Return the listing that follows exactly, with no pictures included.

*** Opening Given information ***

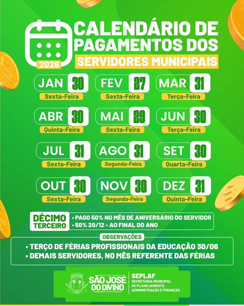 A Prefeitura de São José do Divino divulgou o Calendário de Pagamentos dos Servidores Municipais referente ao ano de 2026. O cronograma contempla todo o exercício financeiro e permite que os servidores acompanhem, com antecedência, as datas previstas para o recebimento dos vencimentos.
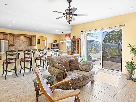 Nestled in the scenic hills of De Luz, just minutes from town, this beautiful French Country Style single story home offers 2900 sq ft of open living space with four bedrooms, three bathrooms and oversized 3 car garage. The inviting kitchen is the heart of the home, featuring granite countertops, abundant cabinetry, a center island, and a butler’s pantry with custom bar shelving. With plenty of seating at the counters and breakfast area, it's perfect for gathering with friends and family. Additional spaces include a private home theater, office, and library. The primary suite offers a luxurious bath with soaking tub and walk-in closet, while a secondary en-suite bedroom provides comfort for guests or extended family. Generously sized bedrooms and large windows throughout create a bright, inviting atmosphere. Outdoors, enjoy orange, lemon, grapefruit and loquat trees, a thriving olive grove and plenty of space for RV parking, recreational toys, or creative use. Located at the end of a quiet road, this home combines seclusion, convenience, and charm.
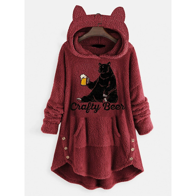 Women's Pullover Hoodie Sweatshirt Animal Letter Casual Long Sleeve Hooded Long Tops Street Dailywear Casual Pink Wine Gray Fall Winter
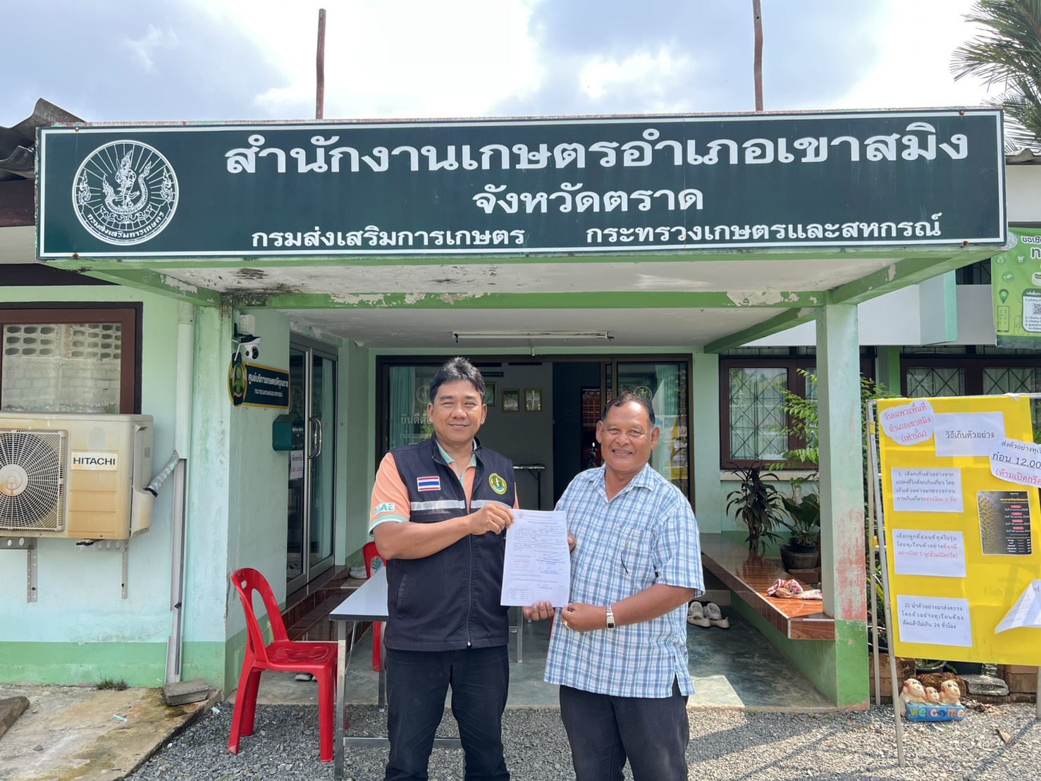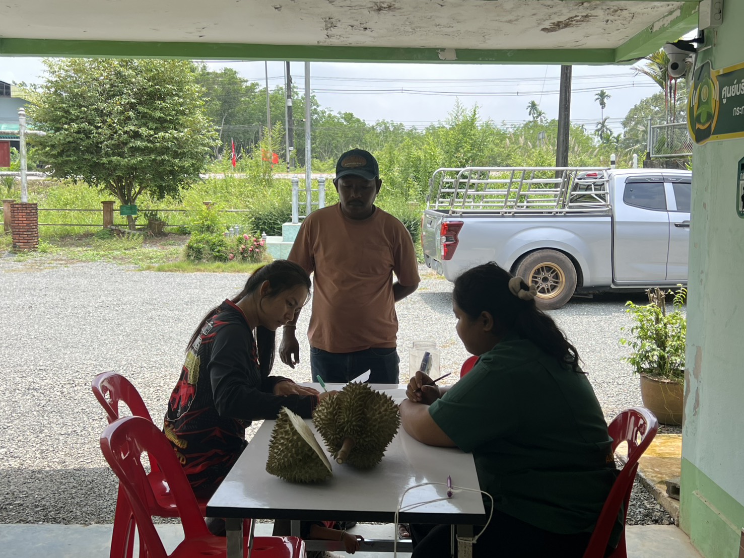 วันพฤหัสบดีที่ 27 มีนาคม 2568 นางชนัญกาญจน์ บัญญวัตวิวัฒน์ นักวิชาการส่งเสริมการเกษตรชำนาญการพิเศษ รักษาราชการแทน เกษตรอำเภอเขาสมิง พร้อมด้วย เจ้าหน้าที่สำนักงานเกษตรอำเภอเขาสมิง ให้บริการตรวจเปอร์เซ็นต์น้ำหนักแห้งในเนื้อทุเรียน โดยมีเกษตรกรนำทุเรียนพันธุ์หมอนทอง และพันธุ์กระดุม ขอรับบริการตรวจเปอร์เซ็นต์น้ำหนักแห้งในเนื้อทุเรียนก่อนตัด จำนวน 22 ตัวอย่าง เพื่อเป็นแนวทางในการเก็บเกี่ยวทุเรียนคุณภาพ สร้างมาตรฐานทุเรียนตราดให้มีคุณภาพ และสร้างความเชื่อมั่นให้กับผู้บริโภค ณ สำนักงานเกษตรอำเภอเขาสมิง จังหวัดตราด

*** Closing Given information ***

Task answer:
 A Prefeitura de São José do Divino divulgou o Calendário de Pagamentos dos Servidores Municipais referente ao ano de 2026. O cronograma contempla todo o exercício financeiro e permite que os servidores acompanhem, com antecedência, as datas previstas para o recebimento dos vencimentos.
 Nestled in the scenic hills of De Luz, just minutes from town, this beautiful French Country Style single story home offers 2900 sq ft of open living space with four bedrooms, three bathrooms and oversized 3 car garage. The inviting kitchen is the heart of the home, featuring granite countertops, abundant cabinetry, a center island, and a butler’s pantry with custom bar shelving. With plenty of seating at the counters and breakfast area, it's perfect for gathering with friends and family. Additional spaces include a private home theater, office, and library. The primary suite offers a luxurious bath with soaking tub and walk-in closet, while a secondary en-suite bedroom provides comfort for guests or extended family. Generously sized bedrooms and large windows throughout create a bright, inviting atmosphere. Outdoors, enjoy orange, lemon, grapefruit and loquat trees, a thriving olive grove and plenty of space for RV parking, recreational toys, or creative use. Located at the end of a quiet road, this home combines seclusion, convenience, and charm.
 Women's Pullover Hoodie Sweatshirt Animal Letter Casual Long Sleeve Hooded Long Tops Street Dailywear Casual Pink Wine Gray Fall Winter
 วันพฤหัสบดีที่ 27 มีนาคม 2568 นางชนัญกาญจน์ บัญญวัตวิวัฒน์ นักวิชาการส่งเสริมการเกษตรชำนาญการพิเศษ รักษาราชการแทน เกษตรอำเภอเขาสมิง พร้อมด้วย เจ้าหน้าที่สำนักงานเกษตรอำเภอเขาสมิง ให้บริการตรวจเปอร์เซ็นต์น้ำหนักแห้งในเนื้อทุเรียน โดยมีเกษตรกรนำทุเรียนพันธุ์หมอนทอง และพันธุ์กระดุม ขอรับบริการตรวจเปอร์เซ็นต์น้ำหนักแห้งในเนื้อทุเรียนก่อนตัด จำนวน 22 ตัวอย่าง เพื่อเป็นแนวทางในการเก็บเกี่ยวทุเรียนคุณภาพ สร้างมาตรฐานทุเรียนตราดให้มีคุณภาพ และสร้างความเชื่อมั่นให้กับผู้บริโภค ณ สำนักงานเกษตรอำเภอเขาสมิง จังหวัดตราด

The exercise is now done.